Black holes can be confused with stars
A new kind of celestial object could contain traces of cosmic catastrophes
Rochester (USA) / Garching - Extremely compact star clusters, in which the stars move at unusually high speeds, could serve astronomers as a kind of cosmic fossil. Because from the movement of the stars in such clusters one can read the history of cosmic catastrophes, the collisions and mergers of galaxies. According to the calculations of a team of researchers from the USA and Germany, around one hundred of the compact star clusters should be able to be found in the nearby Virgo galaxy cluster.
When galaxies collide, the supermassive black holes at their centers can also collide. But the black holes do not merge: As they approach, enormous distortions of space-time occur, which exert a recoil on the smaller of the two black holes and catapult it out of the merging galaxies at high speed. It pulls stars from its environment with it, which then form an extremely compact star cluster around the black hole.
"The speed at which the black hole was ejected can then be read off how fast the stars in this cluster are moving," explains David Merritt of the Rochester Institute of Technology. Together with his colleagues Jeremy Schnittman from the Johns Hopkins University in Baltimore and Stefanie Komossa from the Max Planck Institute for Extraterrestrial Physics in Garching, Merritt has investigated the connections between the movement of stars in the compact clusters and previous cosmic catastrophes. The researchers present their results in the current issue of the "Astrophysical Journal".
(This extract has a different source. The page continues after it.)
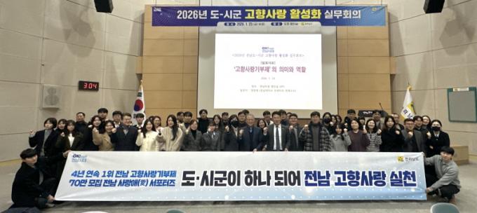 °°æ¹® Àü³²µµ °íÇâ»ç¶û°úÀåÀº ¡°°íÇâ»ç¶û±âºÎÁ¦¿Í Àü³² »ç¶û¾Ö ¼Æ÷ÅÍÁî´Â °¢°¢ Áß¿äÇÑ Á¤Ã¥ ¼ö´ÜÀÎ µ¿½Ã¿¡ µµ¿Í ½Ã±ºÀÌ ÇÔ²² ¿î¿µÇÒ ¶§ È¿°ú°¡ ±Ø´ëȵǴ Á¦µµ¡±¶ó¸ç ¡°°íÇâ»ç¶û±âºÎÁ¦ 4³â ¿¬¼Ó Àü±¹ 1À§, Àü³² »ç¶û¾Ö ¼Æ÷ÅÍÁî 70¸¸ ¸í ¸ðÁý ¸ñÇ¥ ´Þ¼ºÀ» À§ÇØ ½Ã±º°ú ÈûÀ» ¸ð¾Æ ±âºÎ Âü¿© È®´ë¿Í Áö¿ª Ȱ·Â Á¦°í·Î À̾îÁöµµ·Ï Çϰڴ١±°í ¸»Çß´Ù.

"Tracking down such objects would be comparable to discovering the DNA of a long-extinct species," says Komossa. Astronomers may have seen compact clusters before - but confused them with ordinary globular clusters. The difference can only be seen by examining the velocity distribution of the stars in the clusters. Merritt, Schnittman and Komossa estimate that there are around one hundred compact star clusters around supermassive black holes in the nearby Virgo galaxy cluster that are bright enough for such observations.